Because parents love their children the deepest, know them the best, and are with them the most, they are best suited to be a child's primary pastor who evangelizes them, teaches them, loves them, prays for and with them, and reads Scripture to them.

Deuteronomy 4:9 says, "Only take care, and keep your soul diligently, lest you forget the things that your eyes have seen, and lest they depart from your heart all the days of your life. Make them known to your children and your children's children" (ESV). Likewise, Prov 1:8 says, "Hear, my son, your father's instruction, and forsake not your mother's teaching" (ESV). Also, Eph 6:1-4 says, "Children, obey your parents in the Lord, for this is right. ‘Honor your father and mother' (this is the first commandment with a promise), ‘that it may go well with you and that you may live long in the land.' Fathers, do not provoke your children to anger, but bring them up in the discipline and instruction of the Lord" (ESV).

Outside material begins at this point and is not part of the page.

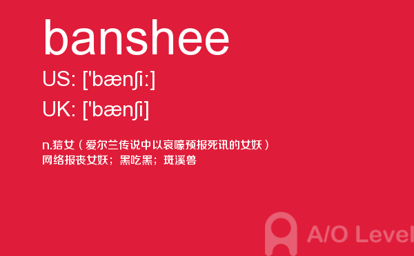 现在很多人来咨询a-level考试录取率,英国a-level考试题库的家长也依然不减,而考生们则更关心a-level教材以及a-level考试培训课程是什么样的。a/o-level考试网都会解答您。今天小编带来a/o-level考试网的内容是关于a-level词汇的banshee单词的详细介绍。如果您想了解alevel经济学答题技巧,剑桥alevel多少分是a,申请英国alevel高中,a水准考试预备班等关于a-level考试的相关资讯,请继续浏览并关注课窝a/o-level考试网。

Both mothers and fathers are exhorted to make it their responsibility to pastor their children. This does not mean that such things as church activities or Christian school education are forbidden, but rather that they are supplements to the loving biblical instruction of Christian parents.

Because parents are with their children at the most opportune times, they are wise to integrate their biblical instruction as God providentially provides teachable moments. It is wise for families to have regular and planned times for such things as Bible reading, prayer and worshipful singing. Nevertheless, there are moments throughout the course of a child's day when his or her heart is open for strategic instruction. A Spirit-led, prayerful parent will capture sacred moments to instruct and/or correct their child as needed.

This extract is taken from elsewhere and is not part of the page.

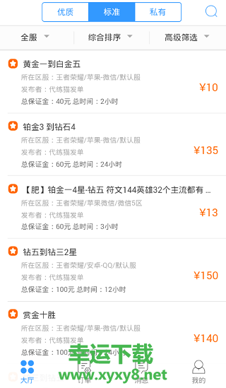 3.第一步:您可以通过本页面下载代练猫app,注册后进入到大厅,您可以看到这里有优质、标准、私有单,但目前只能打开标准的,小编亲测的是第一个单,打开它。

Perhaps the clearest command for integrated parenting is Deut 6:4-9 ESV:

"Hear, O Israel: The Lord our God, the Lord is one. You shall love the Lord your God with all your heart and with all your soul and with all your might. And these words that I command you today shall be on your heart. You shall teach them diligently to your children, and shall talk of them when you sit in your house, and when you walk by the way, and when you lie down, and when you rise. You shall bind them as a sign on your hand, and they shall be as frontlets between your eyes. You shall write them on the doorposts of your house and on your gates." 

While it is likely that every Christian parent would agree with these principles of pastoral parenting, most would likely also admit they struggle to know how to make this happen practically. So, as a pastor and daddy, I took some experiences with my wife Grace and our five children, ages three to eleven, and began sharing them with our church.

Some months ago we started a new tradition at the Driscoll dining table that has been a blessing. Whoever is taking their turn setting the table ensures that our "dinner Bible," as the kids call it, is sitting in front of "Poppa Daddy," as the kids call me.

Throughout the course of our dinner together, we chat about how the day went, how everyone is doing, and whom we can pray for, as well as discuss a section of Scripture. Over the years we have always made it a point to read Scripture to the children when they were little (especially at bed time), and help them develop personal daily Bible reading habits once they learned to read for themselves. However, we struggled to find a way to do regular family devotions with five children of different ages (3-11) and attention spans.